*The task*.
Please restate, word for word, the lines below that begin at the one with "tvářenka Sephora N°15, Too" and end at the one with "Main์์ ๊ฐ์ฒด๋ฅผ ์ง์". Leave out all other lines.

*Task material*.
:::
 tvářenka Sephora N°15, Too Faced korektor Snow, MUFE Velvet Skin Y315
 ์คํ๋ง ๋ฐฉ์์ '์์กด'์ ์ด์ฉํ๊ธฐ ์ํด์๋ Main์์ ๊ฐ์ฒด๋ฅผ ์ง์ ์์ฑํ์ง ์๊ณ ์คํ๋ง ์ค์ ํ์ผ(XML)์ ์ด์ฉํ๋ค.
:::
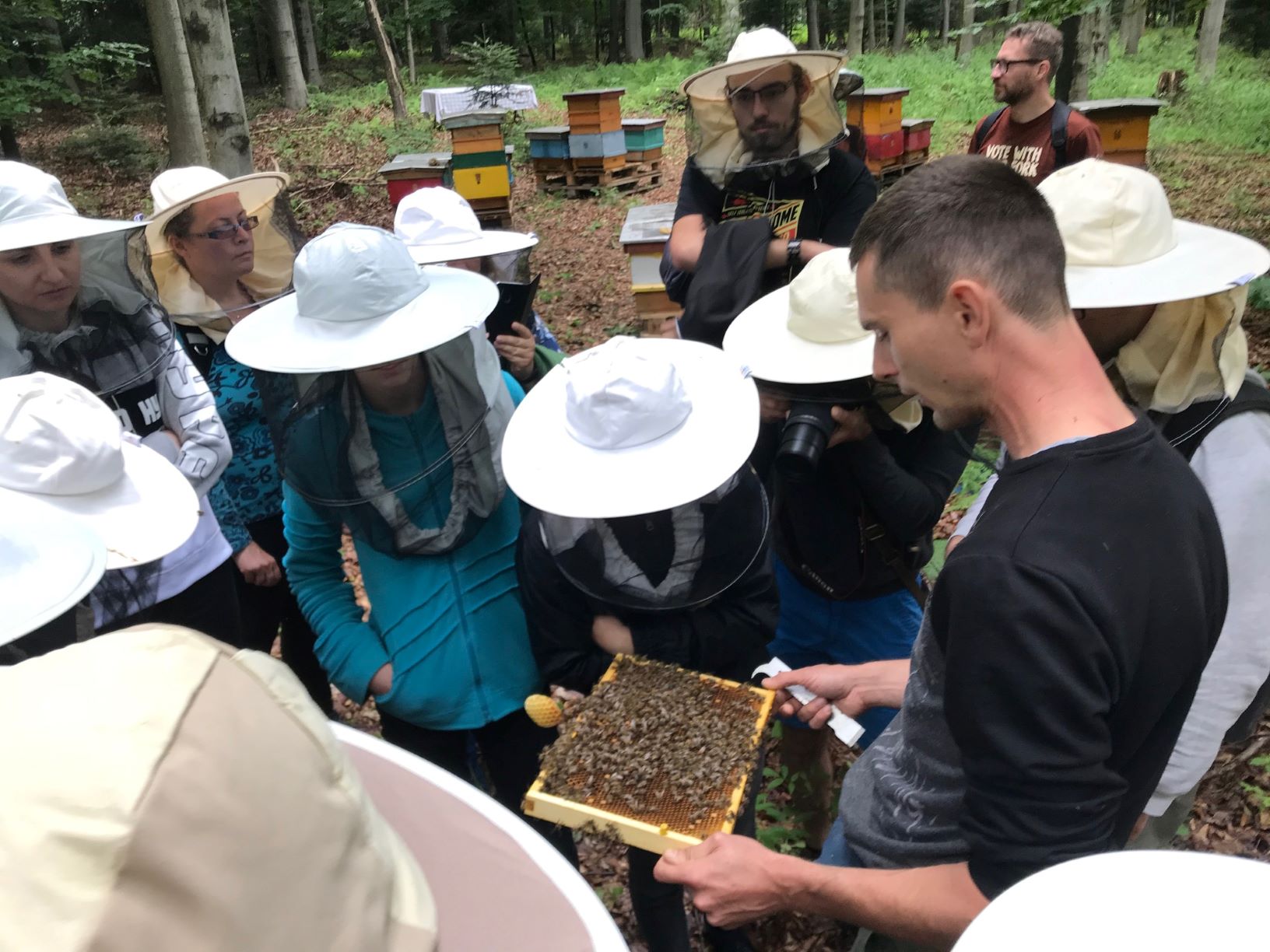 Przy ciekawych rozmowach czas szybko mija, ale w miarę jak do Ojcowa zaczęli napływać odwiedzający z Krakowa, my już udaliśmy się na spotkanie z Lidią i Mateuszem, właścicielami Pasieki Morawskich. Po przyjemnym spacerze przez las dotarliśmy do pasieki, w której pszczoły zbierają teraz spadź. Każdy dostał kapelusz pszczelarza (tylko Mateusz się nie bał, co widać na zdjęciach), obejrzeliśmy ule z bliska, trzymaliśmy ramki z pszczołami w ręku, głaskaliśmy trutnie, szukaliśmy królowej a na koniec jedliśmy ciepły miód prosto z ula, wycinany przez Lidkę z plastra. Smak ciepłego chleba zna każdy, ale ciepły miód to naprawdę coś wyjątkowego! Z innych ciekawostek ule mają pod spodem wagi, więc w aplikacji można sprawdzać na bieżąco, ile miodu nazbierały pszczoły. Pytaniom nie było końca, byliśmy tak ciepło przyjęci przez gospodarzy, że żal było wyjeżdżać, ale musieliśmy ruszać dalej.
:::
*Written answer*.
 tvářenka Sephora N°15, Too Faced korektor Snow, MUFE Velvet Skin Y315
 ์คํ๋ง ๋ฐฉ์์ '์์กด'์ ์ด์ฉํ๊ธฐ ์ํด์๋ Main์์ ๊ฐ์ฒด๋ฅผ ์ง์ ์์ฑํ์ง ์๊ณ ์คํ๋ง ์ค์ ํ์ผ(XML)์ ์ด์ฉํ๋ค.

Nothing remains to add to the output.